Albert Azzo I ( or Adalberto Azzo) (c. 970 – 1029) was an Italian nobleman. He was a member of the Obertenghi (or Adalbertini) family. From 1014 onward, he was margrave of Milan and count of Luni, Genoa and Tortona.

Life
Albert was the son of Oberto II, count palatine of Milan, and Railenda, daughter of Count Riprand, and widow of Sigfred, Count of Seprio.

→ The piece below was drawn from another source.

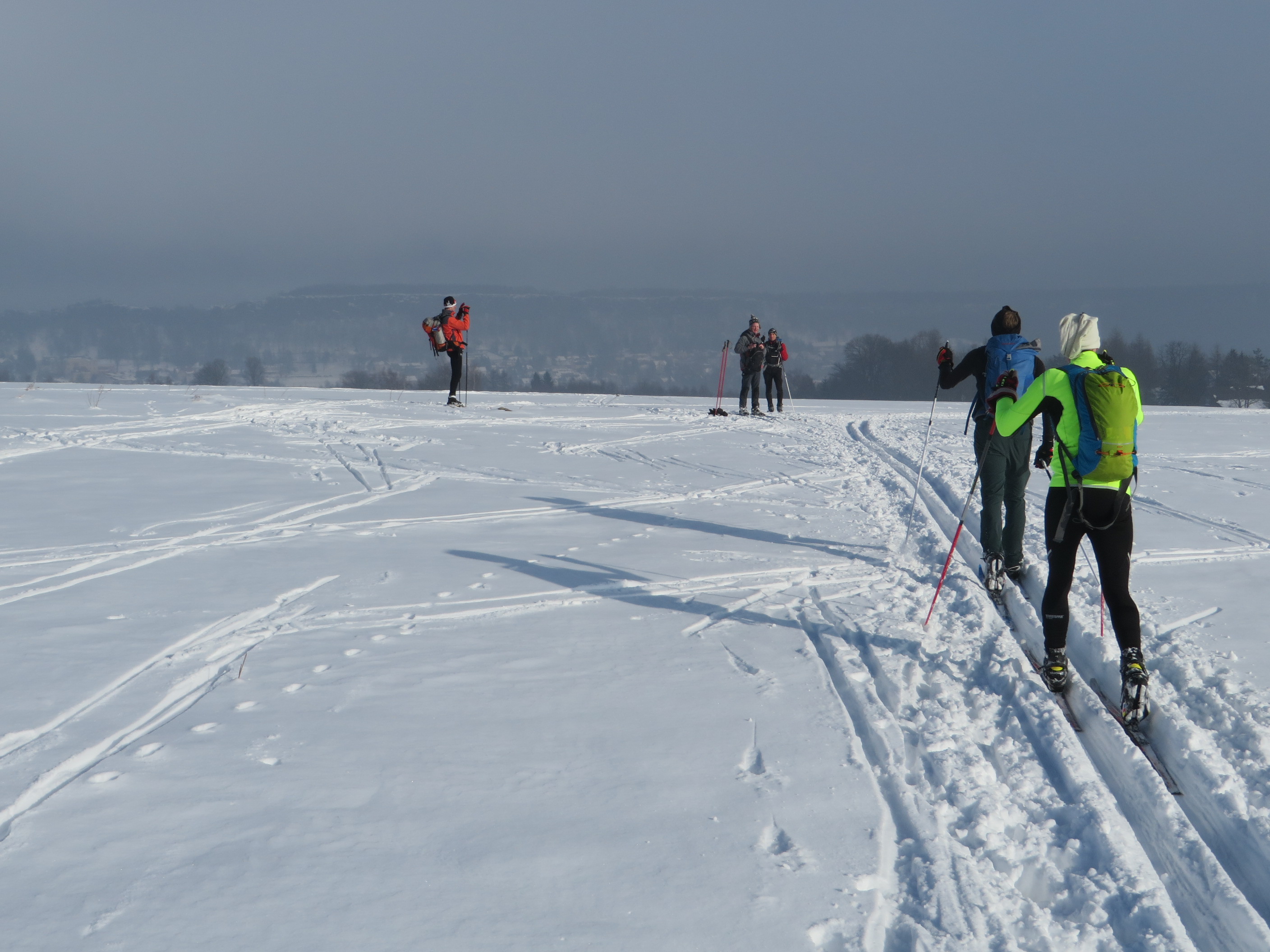 Natürlich waren wir nicht die Einzigen, schon der Bus nach Altenberg war voll. Vom Einstieg in Zinnwald ging es die ersten Kilometer erst einmal durch gut gespurte Loipen bis zum Mückentürmchen und weiter Richtung Autobahn. Die war schon weit zu hören, bis zur Überquerung, da ist sie im Tunnel. Ab Adolfov gab es dann wie erwartet nur noch eine getretene Spur, aber wir waren ja zum Glück nicht die Einzigen 😉 . Dadurch war auch die Umfahrung des Schneeberges gut zu finden, die bot mit den zwei steilsten Abfahrten des Tages jede Menge Gelegenheit zum gründlichen Nachmessen der Strecke.

Albert is attested in documents between 1011 and 1026. On 10 May 1013, he was acting as a missus in Italy. Also in May 1013 Albert is documented with   iudiciaria (the right of justice) in Monselice. In 1014, he inherited the counties of Luni, Tortona, Genoa, and Milan on the death of his father, Otbert II, Margrave of Milan. His holdings were extensive and both feudal and allodial. Albert and his brothers Hugh, Adalbert (IV), and Obizzo all carried the title margrave. Their sister Bertha married Arduin of Italy to ally the Anscarid and Obertenga families. Another sister named Bertha married Ulric Manfred II of Turin. Albert himself married Adela of Milan, a Salian and relative of Lanfranc, Count of Piacenza and Aucia.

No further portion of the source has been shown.